The answer should consist of the full listing below, repeated exactly and free of pictures.

**Supplied data:**
● ● ● ● ●

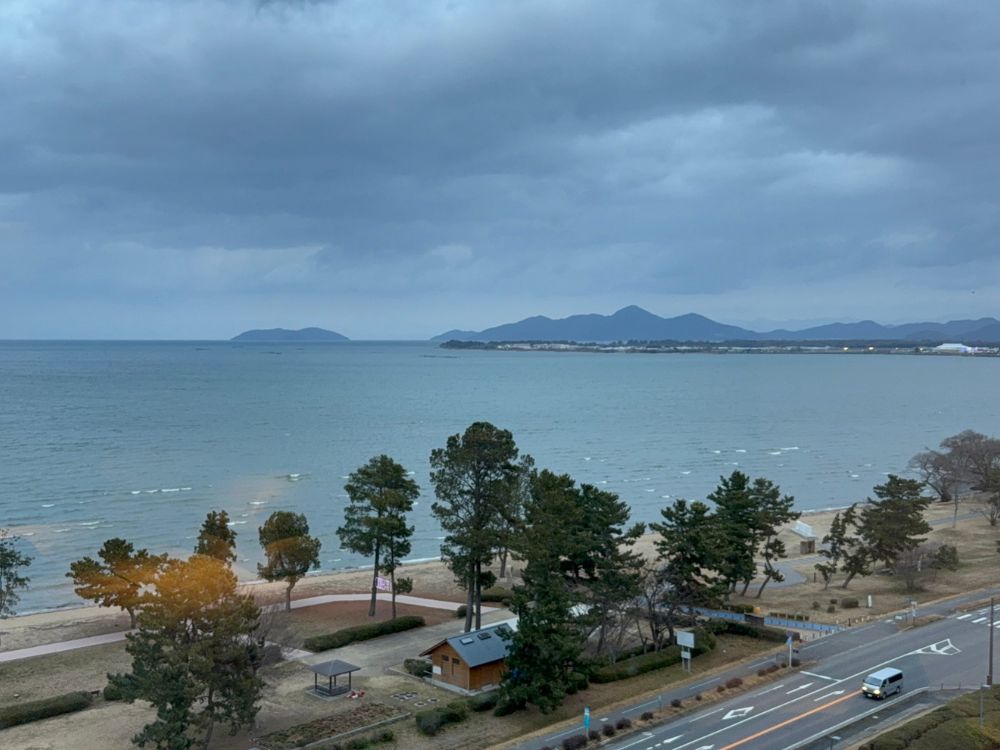窓から琵琶湖が一望できました。お部屋に到着したのは夕方だったのですぐに暗くなってしまいました。
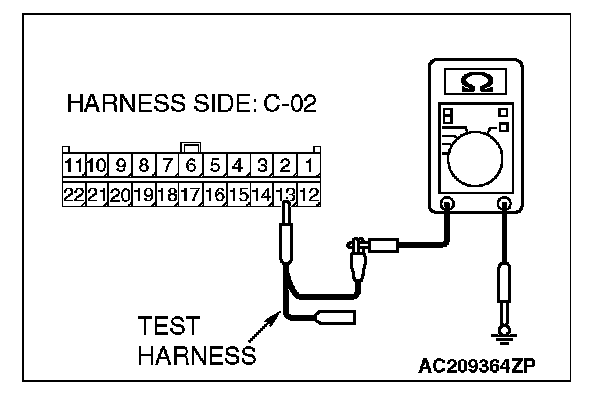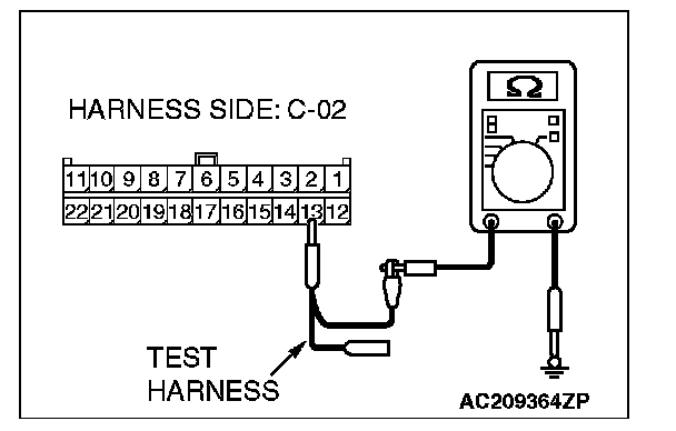 5. Measure the resistance between special tool MB991997 (ASC check harness) connector terminal 13 and body ground.
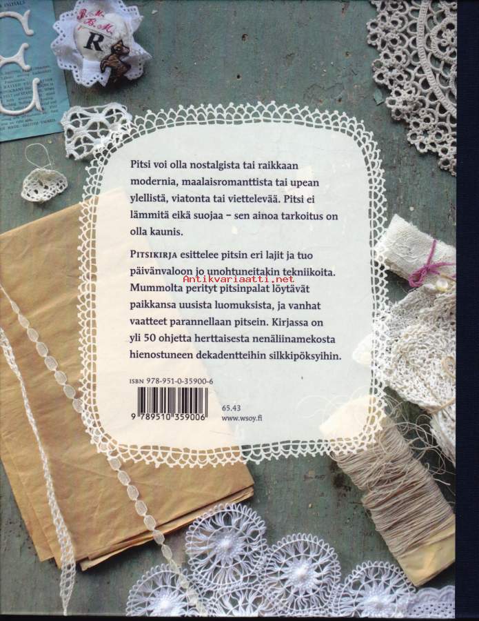 Pitsikirja, 2010. 2.p. Esittelee pitsin eri lajit ja tuo päivänvaloon jo unohtuneitakin tekniikoita. Yli 50 ohjetta.

● ● ● ● ●

**Solution to this exercise:**
窓から琵琶湖が一望できました。お部屋に到着したのは夕方だったのですぐに暗くなってしまいました。
 5. Measure the resistance between special tool MB991997 (ASC check harness) connector terminal 13 and body ground.
 Pitsikirja, 2010. 2.p. Esittelee pitsin eri lajit ja tuo päivänvaloon jo unohtuneitakin tekniikoita. Yli 50 ohjetta.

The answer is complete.